Wrong!  "No mom, not again".  "Don't put all that stuff in them".  Followed with, "shhhshh, I don't want to hear it", "now go and play until dinner is done".  Time for mom to get to work.  I have come to realize that my turkey meatballs are like snowflakes, no not nearly as pretty or delicate as snowflakes, but in a way that they are never the same twice because I am always coming up with something new and different to do with them.
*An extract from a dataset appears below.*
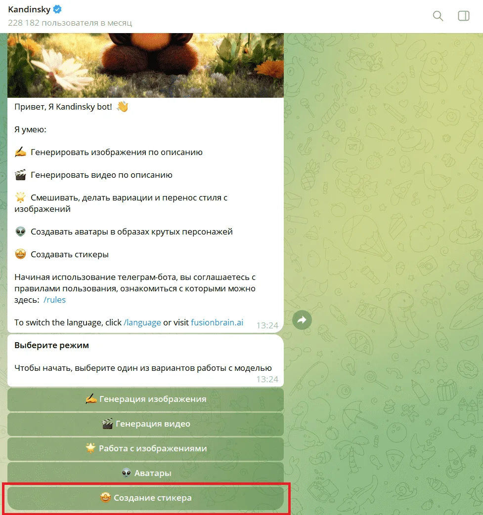 В боте Kandinsky в Telegram есть специальная функция для стикеров. Бот помогает сразу же добавить готовые изображения в новый или уже существующий стикерпак. Он работает как с русскоязычными запросами, так и с англоязычными.
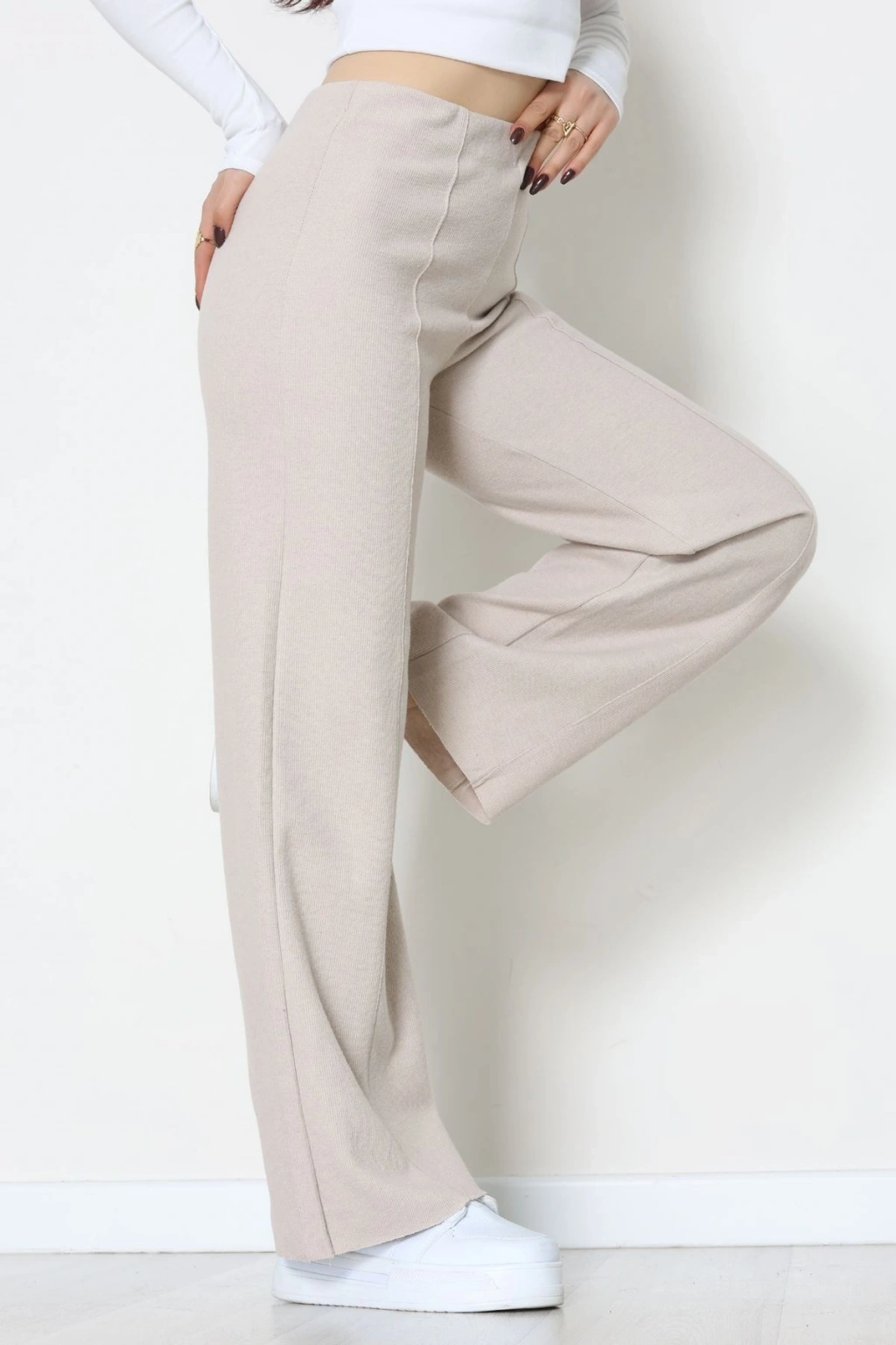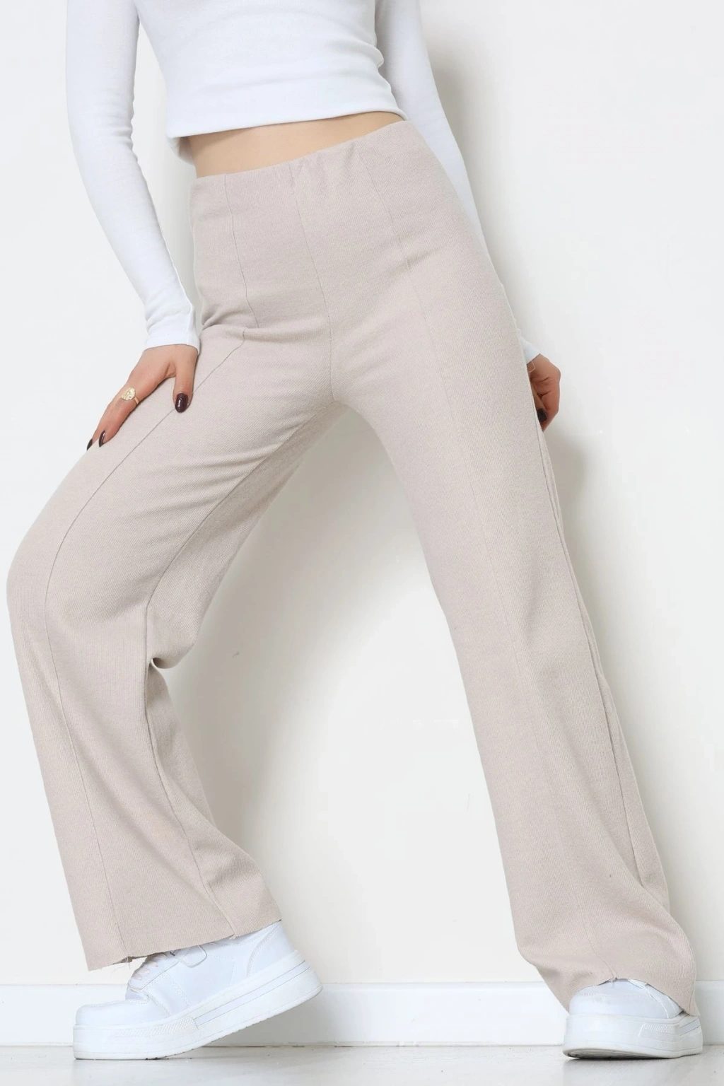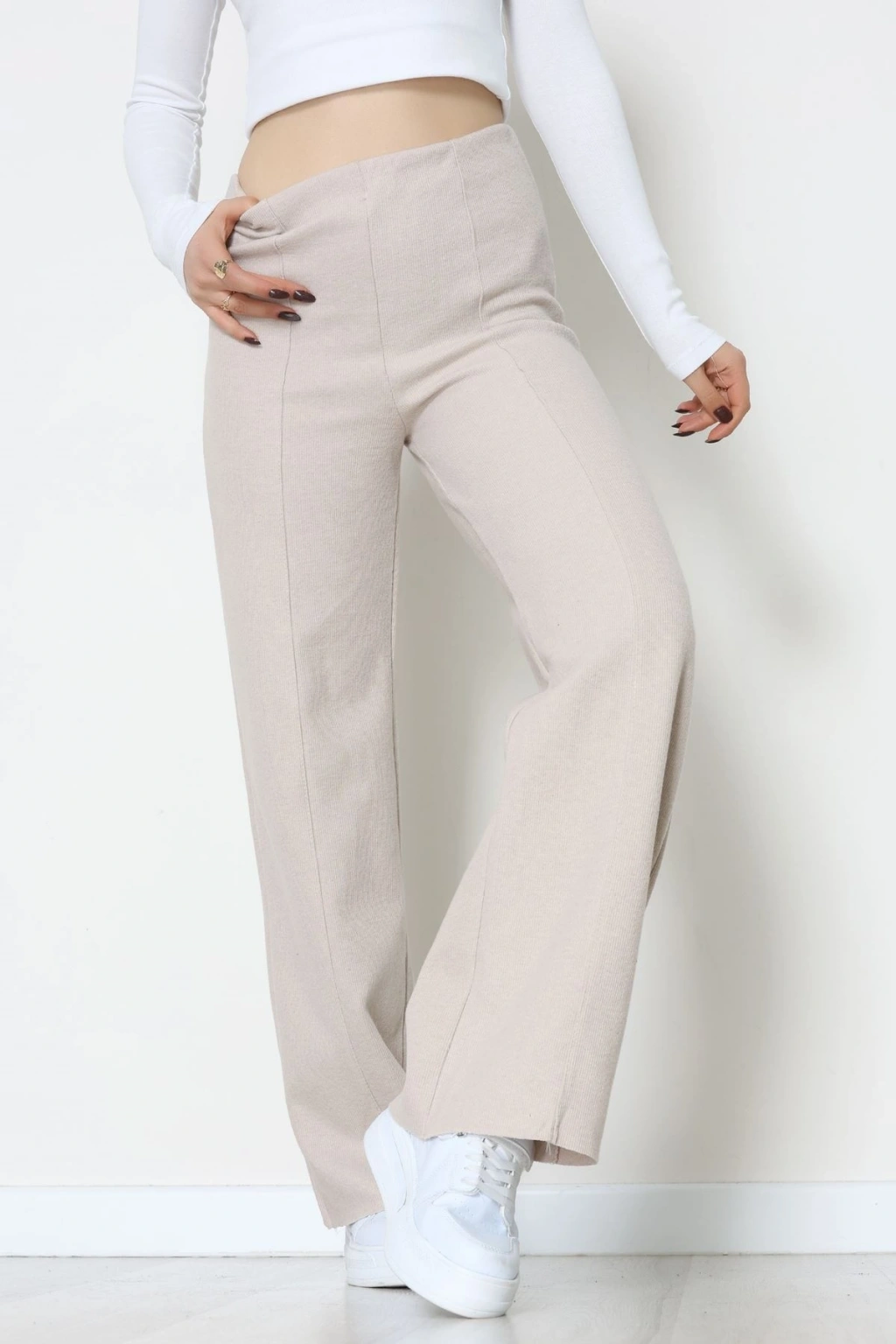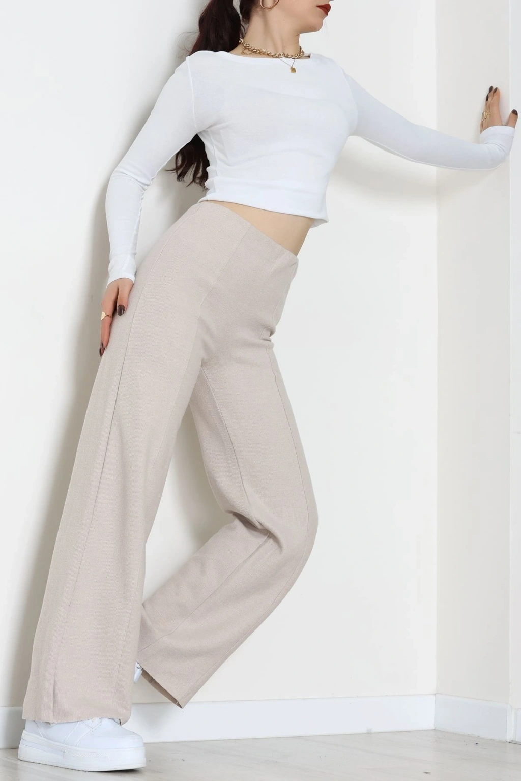 Selanik Kumaş Bel Lastikli Çımalı Pantolon Bej - 51226.1567.

Turkey Meat Balls (tonight's version)

Lean Ground Turkey
Fresh Basil
Sea Salt
Low Sodium Beef or Chicken Broth
Panko Bread Crumbs

Cut veggies and fresh basil into small chunks and add to food processor with some EVOO. Pulse until desired size (this might take a few steps so not to overload your food processor), also the EVOO is liquid you need to help the processing and flavor.  Add all the veggies to the lean ground turkey and set aside.  Cook about a cup of Bulgar (if cooked in broth you get more flavor).  Add the bulgar to the turkey mixture. Add the Panko bread crumbs.  Make your meatballs.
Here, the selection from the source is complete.